**TASK PROMPT:** Restate exactly the lines of the entries below, beginning with the first and ending with the line that holds "Located in the". Pictures are not copied.
**** DATA PROVIDED ****
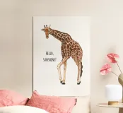 Ravvivate le vostre pareti con questa allegra opera d'arte di giraffa! Caratterizzata dalla dolce frase "Hello, Sunshine!", questa illustrazione giocosa è perfetta per le camere dei bambini, le camerette o per chiunque ami gli animali del safari. Un'opera d'arte da parete divertente ed edificante che dona calore e fascino a qualsiasi spazio.
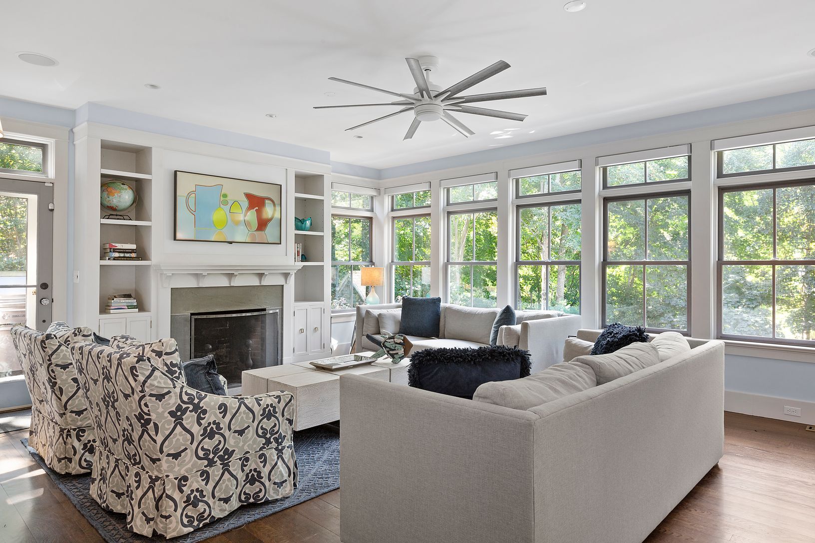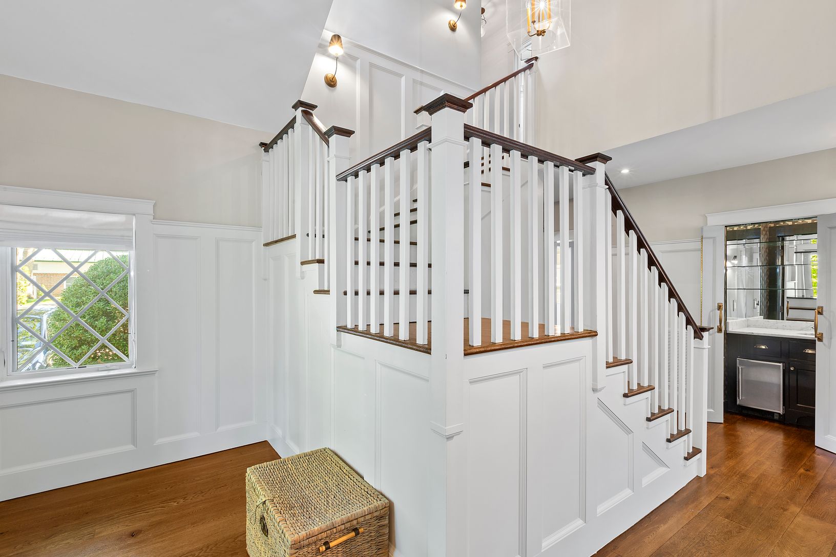 Located in the heart of Sag Harbor Village, this turn-key home on .34 acres offers five bedrooms, four full baths, and two half baths combining 4,000 sqft of living space on three beautifully renovated levels. The main floor features a dining room with a wood-burning fireplace, office with custom built-ins, powder room, and ensuite guest bedroom. Hidden behind double doors is a fabulous wet bar and pantry, making entertaining in the adjoining
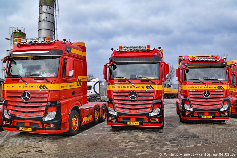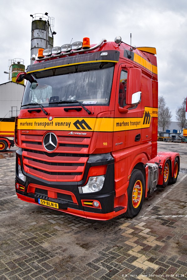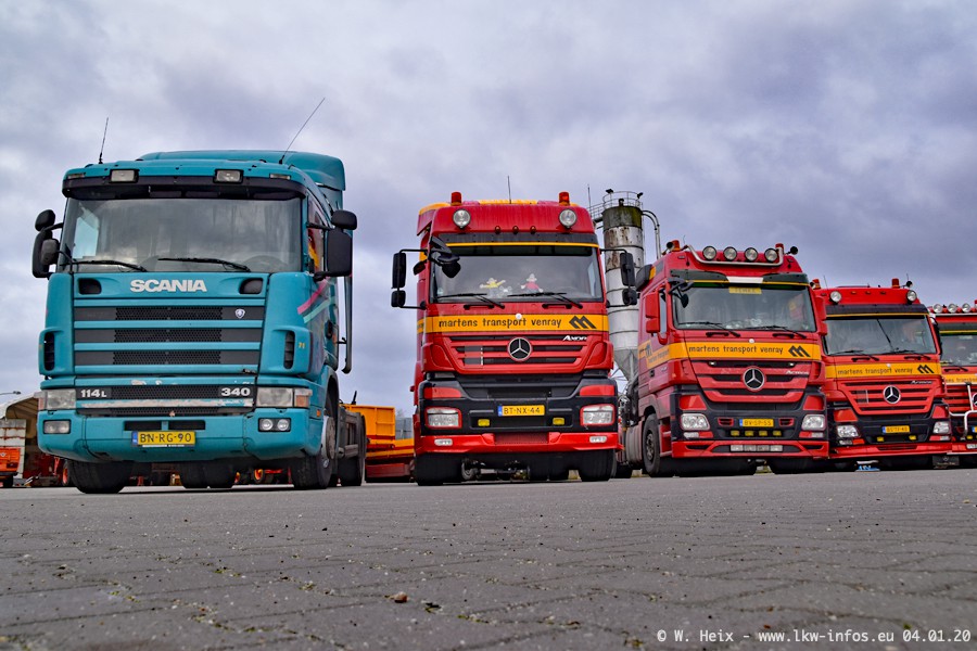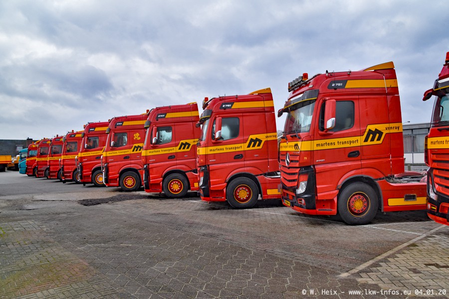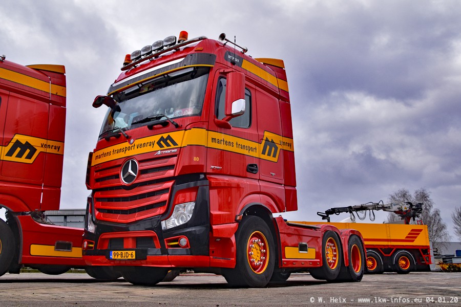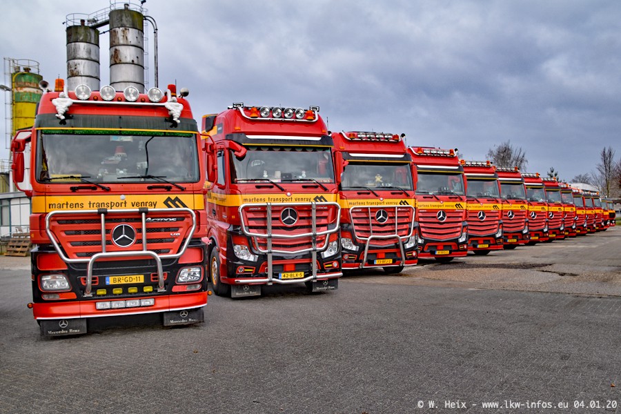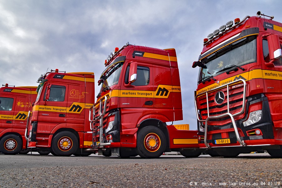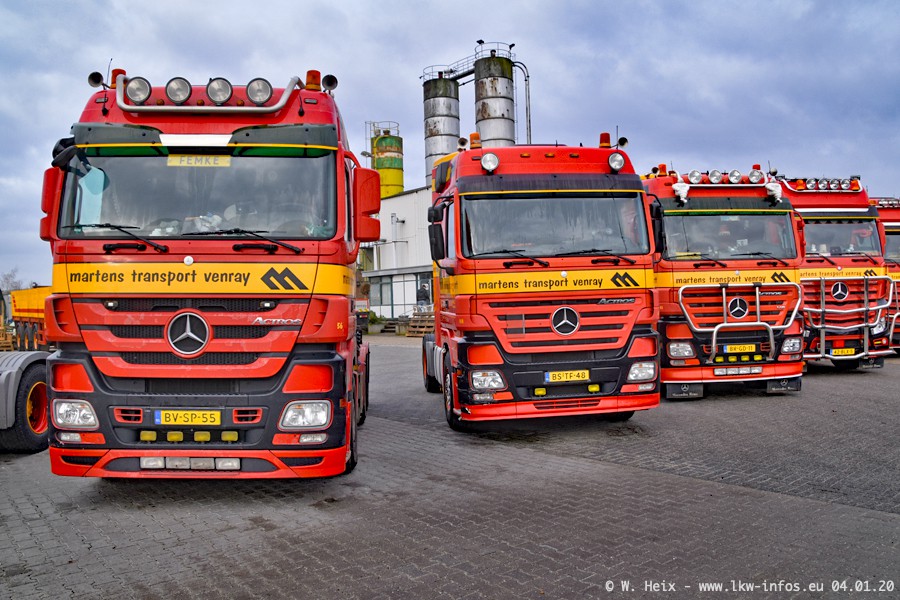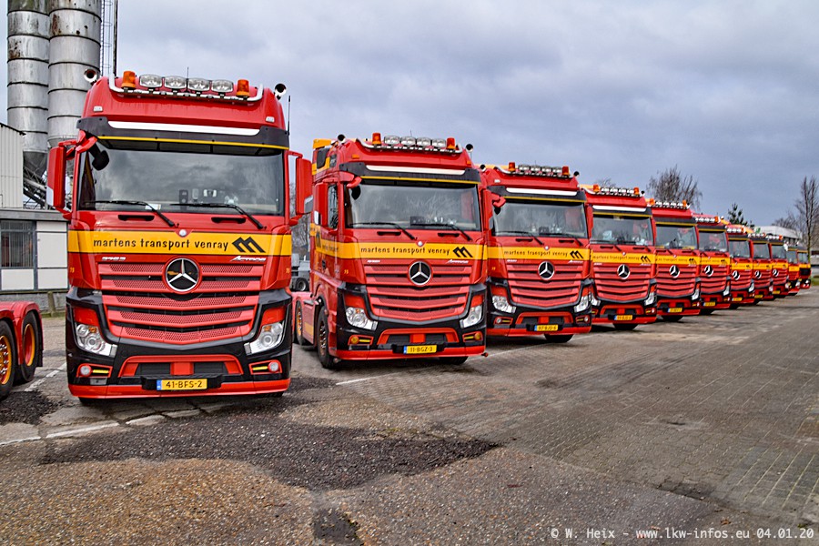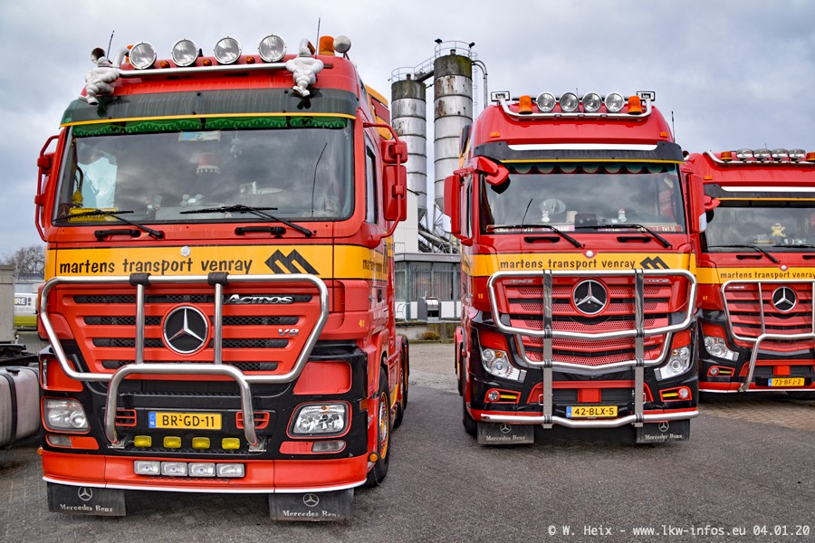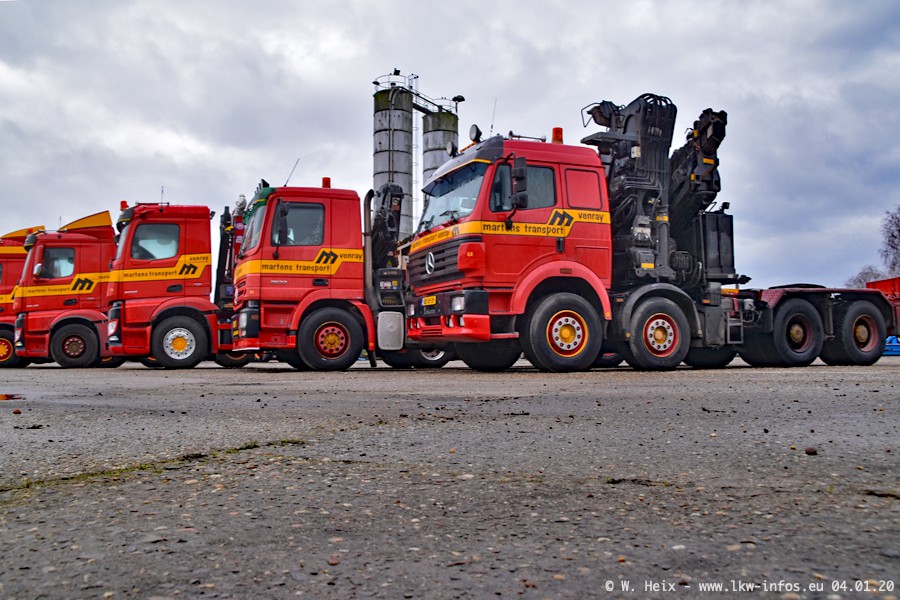 Dies war ein "verspäteter" Weihnachtsbesuch bei Martens. 19 der insgesamt 20 LKW waren zuhause und standen in einer Reihe nebeneinander. Anfang Dezember 2019 gab es auch bei Martens den ersten Mercedes-Benz New Actros 4 (ohne Spiegel). Das ist ein 2733. Mittlerweile gibt es nur noch einen SCANIA 114 im Fuhrpark (der blaue). Der Rest ist komplett von Mercedes-Benz.
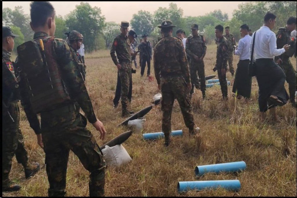据缅甸国家和平与安全委员会发布的消息,2月21日上午6时30分许,仰光省莱古镇辛蓬(北)村附近的农田内发现6枚疑似自制火箭弹,军队接报后迅速前往现场处置。
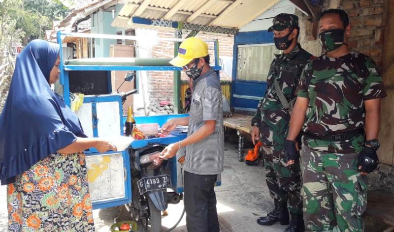 Brebes – Seluruh pelaku ekonomi keliling yang masuk ke Desa Kalinusu, Kecamatan Bumiayu, Kabupaten Brebes, Jawa Tengah, mendapatkan rezeki dengan kehadiran ratusan anggota Satgas TMMD Reguler 109 Kodim 0713 Brebes, yang sedang membangun infrastruktur desa tersebut.
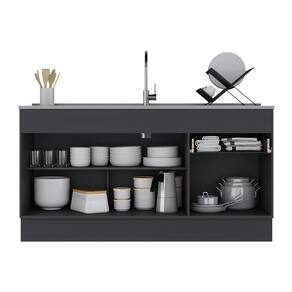 Balcão Cozinha c/ Rodapé Gabinete Pia 150cm 3 Ptas 1 Gav Veneza Multimóveis MP2115.898 Preto/Branco
****
**OUTPUT:**
 Ravvivate le vostre pareti con questa allegra opera d'arte di giraffa! Caratterizzata dalla dolce frase "Hello, Sunshine!", questa illustrazione giocosa è perfetta per le camere dei bambini, le camerette o per chiunque ami gli animali del safari. Un'opera d'arte da parete divertente ed edificante che dona calore e fascino a qualsiasi spazio.
 Located in the heart of Sag Harbor Village, this turn-key home on .34 acres offers five bedrooms, four full baths, and two half baths combining 4,000 sqft of living space on three beautifully renovated levels. The main floor features a dining room with a wood-burning fireplace, office with custom built-ins, powder room, and ensuite guest bedroom. Hidden behind double doors is a fabulous wet bar and pantry, making entertaining in the adjoining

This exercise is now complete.